Section 421 of the Internal Revenue Code (the "Code") provides special rules for determining the income tax treatment of the transfer of shares in connection with the exercise of an option or purchase right that meets the requirements of Section 423(a) of the Code.

Qualifying Tax Treatment
Participants will not realize taxable income when the company grants an option to purchase shares under the terms of a qualified ESPP or when those shares are actually purchased.
To qualify for favorable tax treatment on the sale, transfer or other disposition of shares acquired under the ESPP, the disposition may not occur before the later of:
  • One year after the purchase date.
  • Two years after the beginning of the applicable offering period or grant date (other than a disposition resulting from the participant’s death).
A disposition of shares that meets this required holding period is generally referred to as a qualifying disposition. If the shares are held for the required holding period, the participant will be subject to ordinary income tax in the year in which the shares are sold on an amount equal to the lesser of:
  • The applicable discount from the fair market value of the shares on the offering date.
  • The excess of the sale price for the shares that are sold (or in the cases of death or other disposition, the fair market value of the shares on the date of death or other disposition) over the purchase price for the shares.

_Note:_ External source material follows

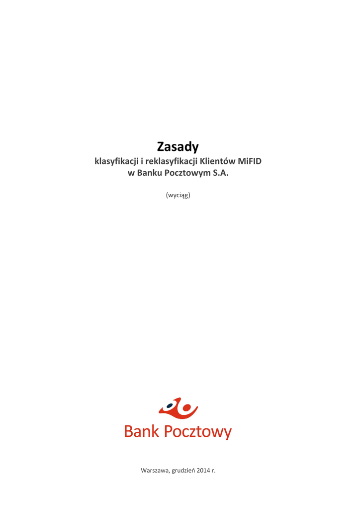 Zasady klasyfikacji i reklasyfikacji Klientów MiFID w Banku Pocztowym S.A. (wyci¹g) Warszawa, grudzieñ 2014 r. §1 1. Klasyfikacja Klientów Banku, dokonana zgodnie z wymogami MiFID, ma na celu zapewnienie Klientom ochrony inwestycyjnej, odpowiednio do kategorii do której Klient zostaù zaklasyfikowany. 2. W wyniku klasyfikacji Klientów Banku, zostaj¹ oni przypisani do nastêpuj¹cych kategorii: 1) klienci detaliczni, 2) klienci profesjonalni, 3) uprawnieni kontrahenci. §2 1. Klient detaliczny to Klient, który nie zostaù zakwalifikowany do kategorii Klient profesjonalny ani uprawniony kontrahent. 2. Klientem profesjonalnym jest Klient posiadaj¹cy doœwiadczenie i wiedzê pozwalaj¹ce na podejmowanie wùaœciwych decyzji inwestycyjnych, jak równie¿ na wùaœciw¹ ocenê ryzyka zwi¹zanego z tymi decyzjami. 3. Klientem profesjonalnym s¹ w szczególnoœci: 1) banki, 2) firmy inwestycyjne, 3) zakùady ubezpieczeñ, 4) fundusze inwestycyjne lub towarzystwa funduszy inwestycyjnych, w rozumieniu ustawy z dnia 27 maja 2004 r. o funduszach inwestycyjnych (Dz. U. Nr 146, poz. 1546 z póên. zm.) 5) fundusze emerytalne lub towarzystwa emerytalne w rozumieniu ustawy z dnia 28 sierpnia 1997 r. o organizacji i funkcjonowaniu funduszy emerytalnych (Dz. U. Nr 159, poz. 1667, z póên. zm.), 6) towarowe domy maklerskie, 7) podmioty zawieraj¹ce, w ramach prowadzonej dziaùalnoœci gospodarczej, na wùasny rachunek transakcje na rynkach kontraktów terminowych, opcji lub innych instrumentów pochodnych albo na rynkach pieniê¿nych wyù¹cznie w celu zabezpieczenia pozycji zajêtych na tych rynkach, lub dziaùaj¹cych w tym celu na rachunek innych czùonków takich rynków, o ile odpowiedzialnoœã za wykonanie zobowi¹zañ wynikaj¹cych z tych transakcji ponosz¹ uczestnicy rozliczaj¹cy tych rynków, 8) inne instytucje finansowe ni¿ wskazane w pkt 1)-7), 9) inwestorzy instytucjonalni niebêd¹cy instytucjami finansowymi okreœlonymi w pkt 1)-8), prowadz¹cy regulowan¹ dziaùalnoœã na rynku finansowym, 10) podmioty prowadz¹ce poza granicami Rzeczypospolitej Polskiej dziaùalnoœã równowa¿n¹ do dziaùalnoœci prowadzonej przez podmioty wskazane w pkt 1) – 9), 11) przedsiêbiorcy, którzy speùniaj¹ co najmniej dwa z poni¿szych wymogów, przy czym równowartoœã kwot, wskazanych w euro oblicza siê przy zastosowaniu œredniego kursu euro ustalanego przez Narodowy Bank Polski na dzieñ sporz¹dzenia przez danego przedsiêbiorcê sprawozdania finansowego: a) suma bilansowa tego przedsiêbiorcy wynosi co najmniej 20 000 000 euro, b) osi¹gniêta przez przedsiêbiorcê wartoœã przychodów ze sprzeda¿y wynosi co najmniej 40 000 000 euro, c) kapitaù wùasny lub fundusz wùasny przedsiêbiorcy wynosi co najmniej 2 000 000 euro. 12) jednostki administracji rz¹dowej lub samorz¹dowej, organy publiczne, które zarz¹dzaj¹ dùugiem publicznym, banki centralne, Bank Úwiatowy, Miêdzynarodowy Fundusz Walutowy, Europejski Bank Centralny, Europejski Banki Inwestycyjny lub inne organizacje miêdzynarodowe peùni¹ce podobne funkcje, 13) inni inwestorzy instytucjonalni, których gùównym przedmiotem dziaùalnoœci jest inwestowanie w instrumenty finansowe, w tym podmioty zajmuj¹ce siê sekurytyzacj¹ aktywów lub zawieraniem innego rodzaju transakcji finansowych – fundusze sekurytyzacyjne, 14) podmioty inne ni¿ wskazane w pkt 1)-13), które na swój wniosek zostaùy przez Bank uznane za Klienta profesjonalnego. 3. Uprawniony kontrahent to Klient profesjonalny, z którym Bank zawiera transakcje lub poœredniczy w ich zawieraniu w ramach: 1) usùugi wykonywania zleceñ, 2) usùugi przyjmowania i przekazywania zleceñ, 3) transakcji nabywania lub zbywania instrumentów finansowych na wùasny rachunek. §3 Na pisemny wniosek Klienta, Bank mo¿e dokonaã zmiany kategorii Klienta na ni¿sz¹ lub wy¿sz¹ w odniesieniu do wszystkich oferowanych usùug inwestycyjnych œwiadczonych przez Bank na rzecz Klienta, jak i do ka¿dej z osobna. §4 1. Jeœli Klient detaliczny bêd¹cy osob¹ fizyczn¹ posiada wiedzê i doœwiadczenie pozwalaj¹ce na podejmowanie wùaœciwych decyzji inwestycyjnych, jak równie¿ na wùaœciw¹ ocenê ryzyka zwi¹zanego z tymi decyzjami mo¿e on zostaã uznany na jego pisemny wniosek za Klienta profesjonalnego. Przed uwzglêdnieniem ¿¹dania Klienta Bank ma obowi¹zek ustaliã wiedzê Klienta o zasadach traktowania Klientów profesjonalnych przy œwiadczeniu usùug inwestycyjnych. 2. Reklasyfikacja Klienta detalicznego, o którym mowa w ust. 1, jest dopuszczalna jeœli Klient wraz z wnioskiem przedstawi dokumenty zaœwiadczaj¹ce, ¿e speùnia przynajmniej dwa z nastêpuj¹cych wymogów: 1) zawieraù transakcje o wartoœci stanowi¹cej, co najmniej równowartoœã w zùotych 50 000 euro ka¿da, na odpowiednim rynku, ze œredni¹ czêstotliwoœci¹, co najmniej 10 transakcji na kwartaù w ci¹gu czterech ostatnich kwartaùów, uwzglêdniaj¹c transakcje zawierane za poœrednictwem Banku, 2) wartoœã portfela instrumentów finansowych tego podmiotu ù¹cznie ze œrodkami pieniê¿nymi wchodz¹cymi w jego skùad wynosi co najmniej równowartoœã w zùotych 500 000 euro, 3) pracuje lub pracowaù w sektorze finansowym, przez co najmniej rok na stanowisku, które wymaga wiedzy zawodowej dotycz¹cej transakcji w zakresie instrumentów finansowych lub usùug maklerskich, które miaùyby byã œwiadczone przez firmê inwestycyjn¹ na jego rzecz na podstawie zawieranej umowy. 3. Równowartoœã kwot w euro, o których mowa w ust. 2, ustala siê przy zastosowaniu œredniego kursu euro ogùaszanego przez Narodowy Bank Polski, obowi¹zuj¹cego w dniu poprzedzaj¹cym datê zùo¿enia wniosku o zmianê kategorii Klienta z Klienta detalicznego na profesjonalnego §5 1. Jeœli osoby fizyczne reprezentuj¹ce Klienta detalicznego bêd¹cego osob¹ prawn¹ lub jednostk¹ organizacyjn¹ nieposiadaj¹c¹ osobowoœci prawnej posiadaj¹ wiedzê i doœwiadczenie pozwalaj¹ce na podejmowanie

The participant must also recognize capital gain or loss in the year of sale. The amount of gain is equal to the difference between the sale price and the sum of the purchase price, plus the amount of ordinary income calculated above. The amount of loss is equal to the difference between the purchase price and the sale price.
If the shares are held for the required holding period, the employer will not be entitled to a deduction for federal income tax purposes on the grant or exercise of the option.
Unlike ISOs, with ESPP shares, the excess of the share’s fair market value over the amount paid for the shares is not an alternative minimum tax ("AMT") preference item. 
Disqualifying Tax Treatment
If a participant does not satisfy the required holding period, then the excess of the fair market value of the shares on the purchase date over the purchase price is recognized by the participant as ordinary income at the time of the sale or other disposition. In this case, the employer is entitled to a tax deduction in an amount equal to the ordinary income recognized by the participant. As with a qualifying disposition, capital gain or loss must also be recognized in the year of sale. The amount of gain or loss is equal to the difference between the sale price and the sum of the purchase price plus the amount of ordinary income calculated above.
If the ESPP does not require participants to hold the shares acquired on exercise for the duration of the holding period, then it should require participants to notify the company of any disqualifying disposition. This allows the company to:
  • Take any deduction associated with the disposition.
  • Properly report any amount that may be included as income on the participant’s Form W-2.